## transdimensional ABC

**A**nother paper that got arXived recently *(it’s endless, isn’t it?!)* is Transdimensional ABC for inference on invasive species models with latent variables of unknown dimension, by Chkrebtii, Cameron, Campbell, and Bayne. It attracted my attention for at least two reasons: (a) it brings a new perspective on Bayesian inference in varying dimension models (or in multiple models and model comparison); (b) the application is about invasive species, as in our ABC paper on tracing pathways for the Asian beetle invasion in Europe.

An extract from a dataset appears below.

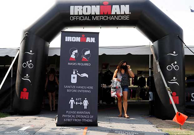 “The swim, T1, and the bike were all perfectly normal. I didn't use either of the bike aid stations but volunteers in masks were behind the tables offering to hand you a bottle or nutrition but it was incumbent on the rider to stop—no flying hand-offs. On the run the tables were set up with the traditional rhythm of water, Gatorade, Red Bull, Coke, Water, Ice. Again it was up to the athlete to pick up their own nutrition, the volunteers stood back and kept the tables stocked and directed you to the table with whatever you requested. Once finished, you removed your own timing chip, picked up your medal yourself, and provided another mask to exit.

**A**fter reading the paper, I however remain unconvinced that a direct duplication of Peter Green’s reversible jump MCMC algorithm is relevant in this ABC setting: this is indeed the central idea of the authors, namely to apply the reversible jump construct in an ABC-MCMC algorithm, with exactly the same validation as the usual ABC-MCMC algorithm where the indicator of a small enough distance between the observed and the simulated data acts as a (biased) estimator of the likelihood function. There is thus no doubt about the validity of the method. What leaves me somehow lukewarm about this idea is the same feature I criticised yesterday in the accelerated ABC paper by Picchini and Forman (which would also apply here), that is, the fact that the acceptance step actually occurs at the prior level, the Metropolis-Hastings acceptance probability being the ratio of the priors over the ratio of the proposals. (Plus a second acceptance step induced by the distance between the observed and the simulated data.)

**T**he application to the invasion of European earthworms in northern Alberta is quite interesting, from the fact that those worms did not crawl their way up there but instead hitch-hiked!, to the modelling of the number of introductions by a Poisson spatial process, to the fact that the ABC algorithm can run with infinite precision! This last point makes me wonder whether or not a regular MCMC algorithm is unattainable for this problem. (However, the authors rely on a two-dimensional summary statistic for each pair *(g,r)*, which helps in picking an ε equal to zero.) The details of the dependence of the observables on the number of earthworm introductions *k* are rather sketchy and I do not see why exactly the transdimensional perspective is needed. *(Marginalia: I do not understand the introduction of D in the second equation of page 5, unless this is an approximation.)*

October 28, 2013 at 4:15 am

I am a little bit confused about the paper in a couple of ways. In most applications of ABC, I would have thought that the density of the simulated data (here these are the latent variables) would be intractable. But because the authors are using local moves to update the latent variables, then these densities appear to be required in the MH ratio. So I am not sure how widely this approach could be applied in ABC.

Secondly I am a bit confused about how the latent variables are generated in algorithm 3. From the notation it appears that it comes from the full conditional (i.e. conditional on data as well). If this were possible, then ABC would not be required. I suspect that this must just be a forward simulation based on model parameters, not conditioned on data.